_Data extract_
=== Section Start ===

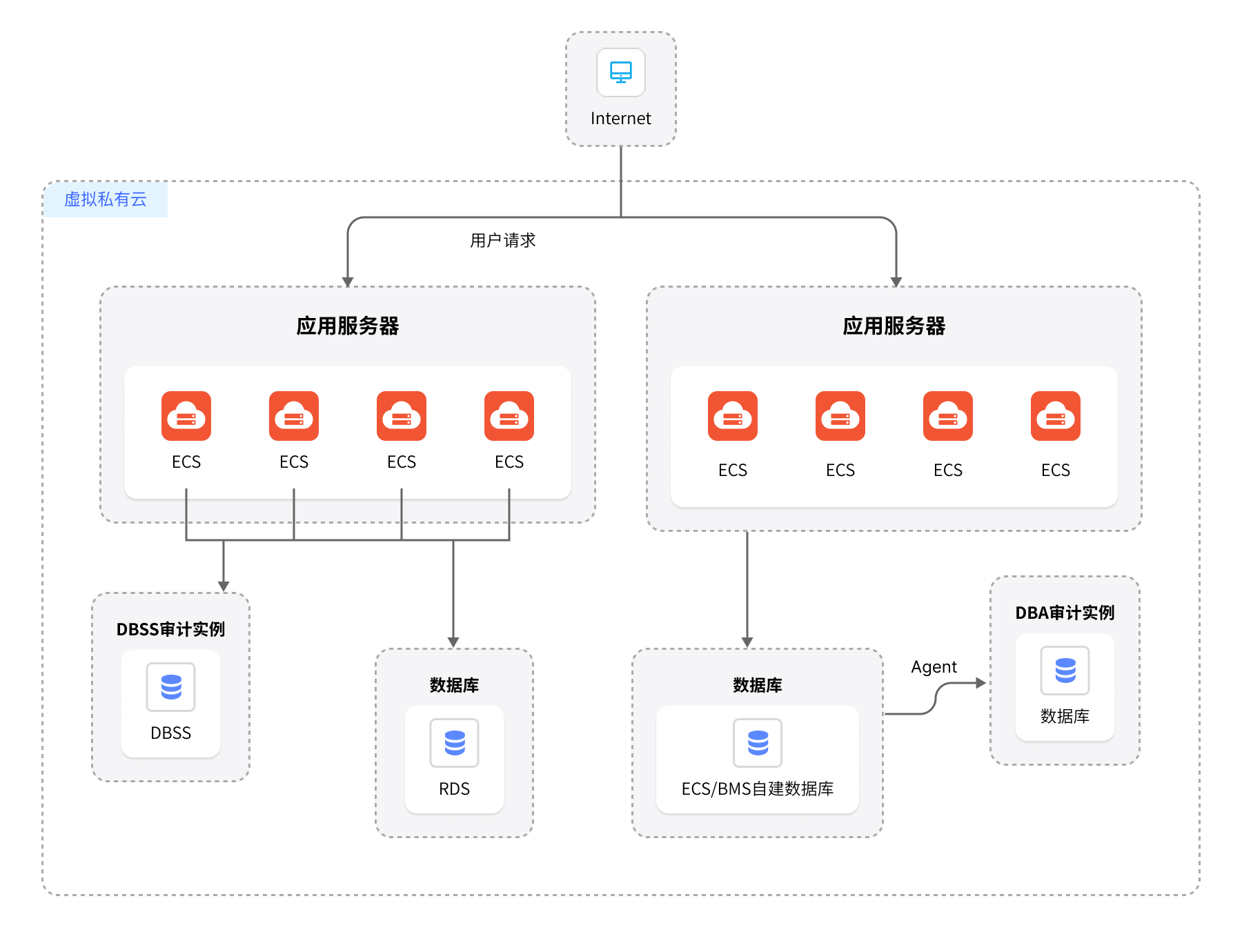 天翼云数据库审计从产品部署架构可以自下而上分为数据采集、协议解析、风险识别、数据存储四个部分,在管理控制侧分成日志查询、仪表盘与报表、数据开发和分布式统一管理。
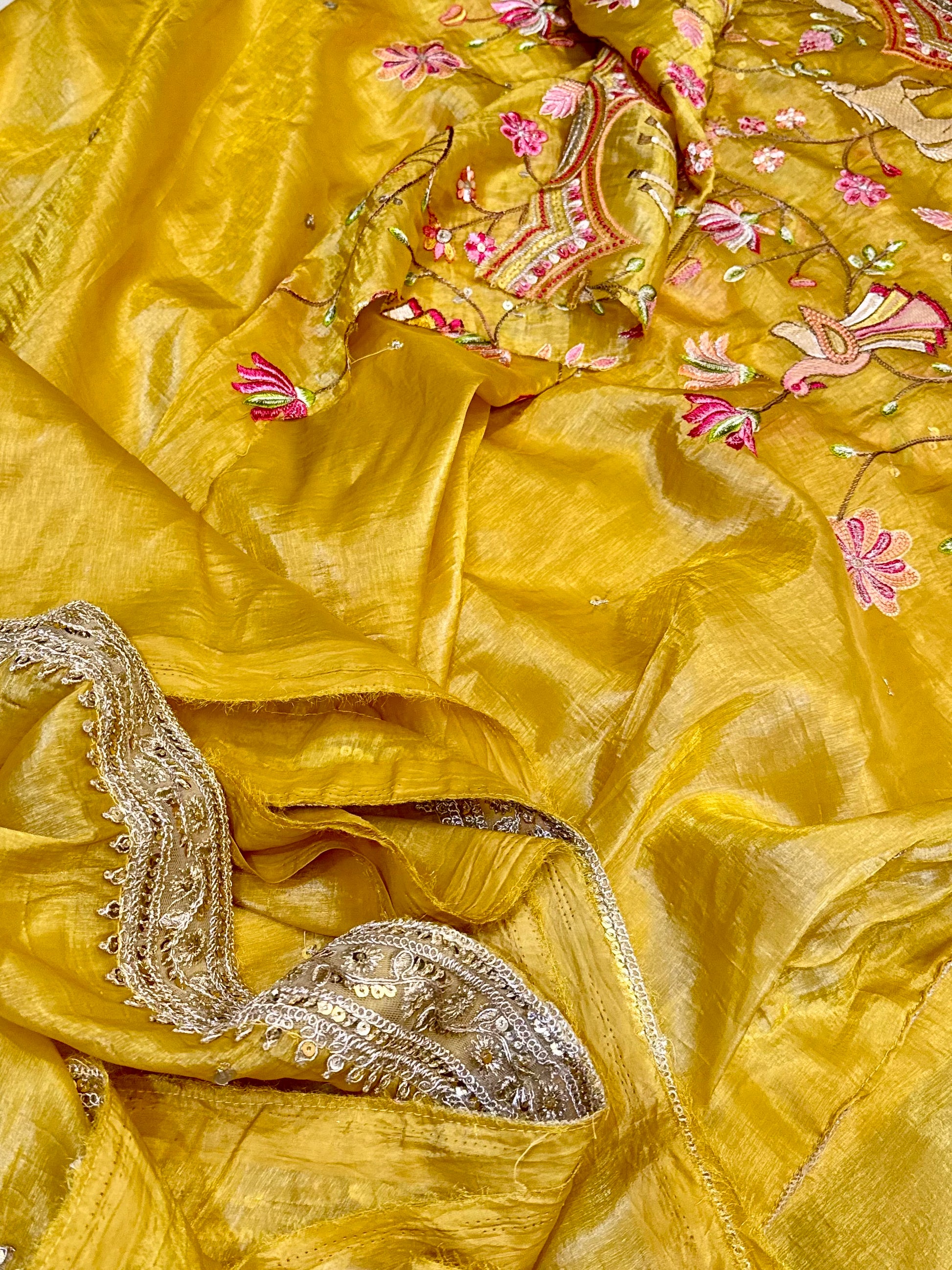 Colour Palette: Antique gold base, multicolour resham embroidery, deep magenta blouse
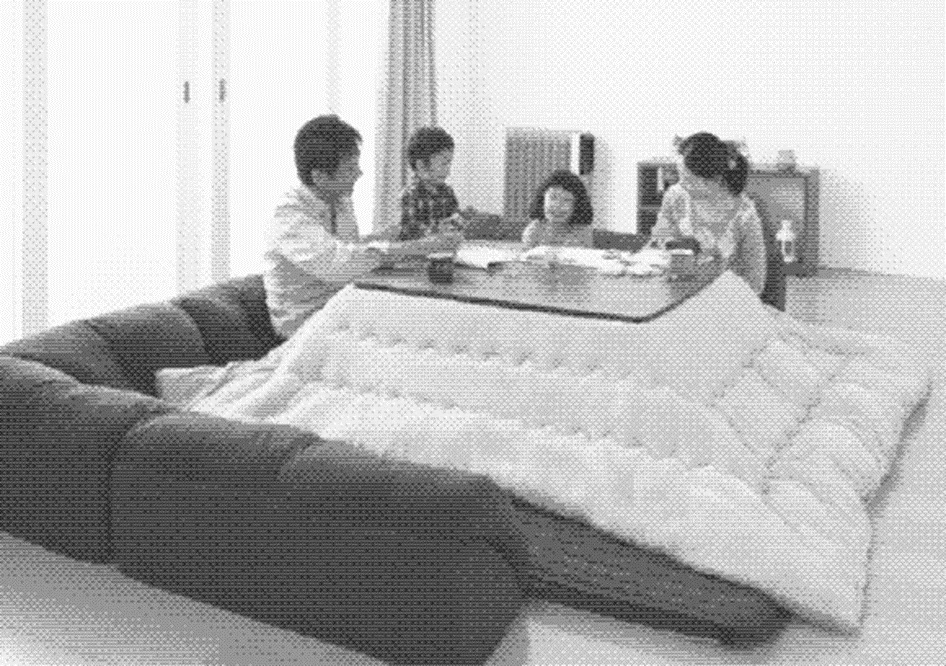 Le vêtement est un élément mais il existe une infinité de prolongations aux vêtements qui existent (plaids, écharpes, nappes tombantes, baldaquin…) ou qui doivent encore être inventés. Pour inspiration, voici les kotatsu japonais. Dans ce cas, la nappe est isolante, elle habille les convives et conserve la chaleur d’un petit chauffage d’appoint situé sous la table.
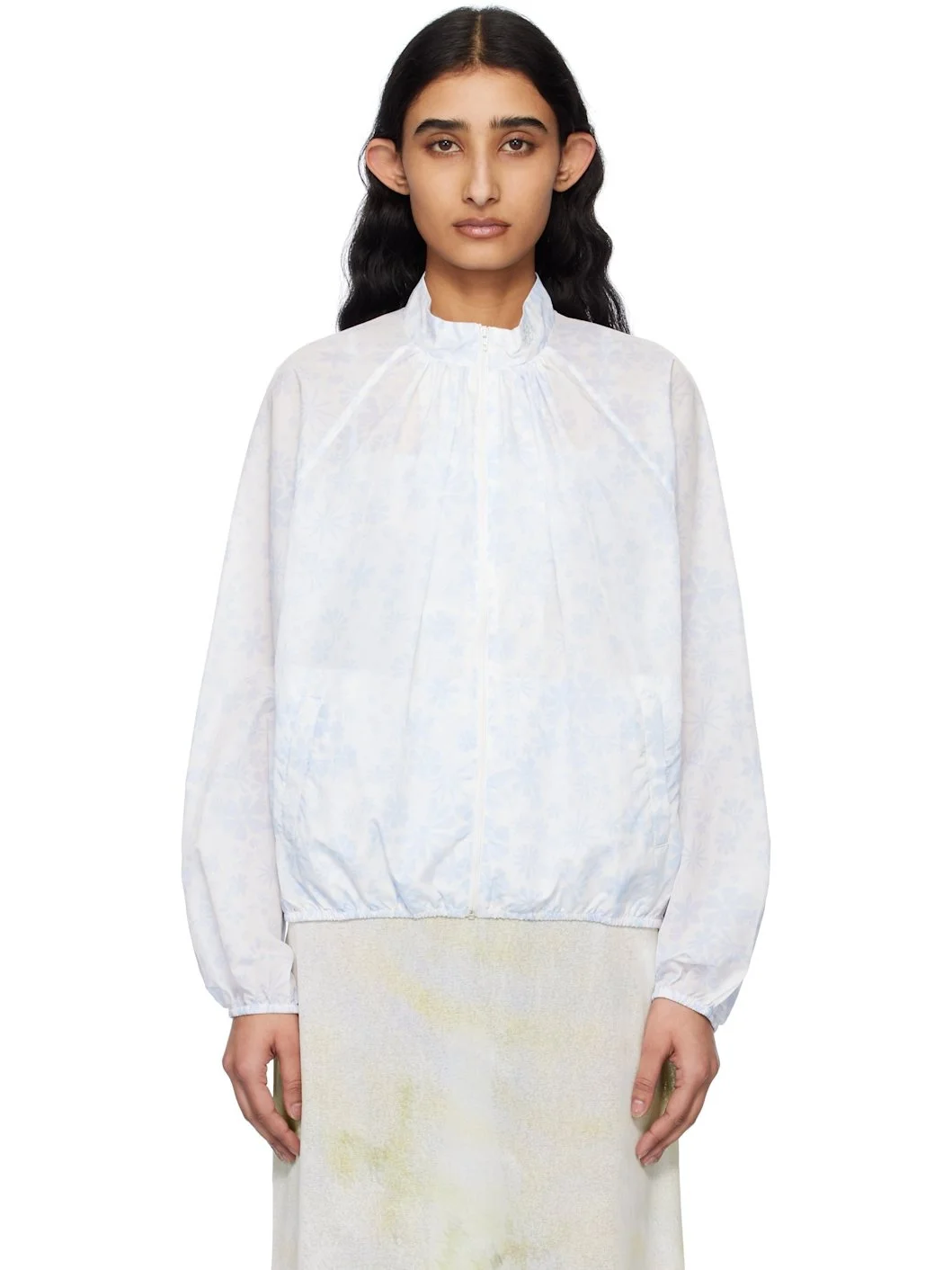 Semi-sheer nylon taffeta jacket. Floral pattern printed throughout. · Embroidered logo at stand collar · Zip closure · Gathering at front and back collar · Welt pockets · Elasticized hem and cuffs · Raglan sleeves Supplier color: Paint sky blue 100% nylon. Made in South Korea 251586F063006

=== Section End ===

_Your instructions_
Everything in the data except the pictures must be transcribed exactly.

_Task output_
 天翼云数据库审计从产品部署架构可以自下而上分为数据采集、协议解析、风险识别、数据存储四个部分,在管理控制侧分成日志查询、仪表盘与报表、数据开发和分布式统一管理。
 Colour Palette: Antique gold base, multicolour resham embroidery, deep magenta blouse
 Le vêtement est un élément mais il existe une infinité de prolongations aux vêtements qui existent (plaids, écharpes, nappes tombantes, baldaquin…) ou qui doivent encore être inventés. Pour inspiration, voici les kotatsu japonais. Dans ce cas, la nappe est isolante, elle habille les convives et conserve la chaleur d’un petit chauffage d’appoint situé sous la table.
 Semi-sheer nylon taffeta jacket. Floral pattern printed throughout. · Embroidered logo at stand collar · Zip closure · Gathering at front and back collar · Welt pockets · Elasticized hem and cuffs · Raglan sleeves Supplier color: Paint sky blue 100% nylon. Made in South Korea 251586F063006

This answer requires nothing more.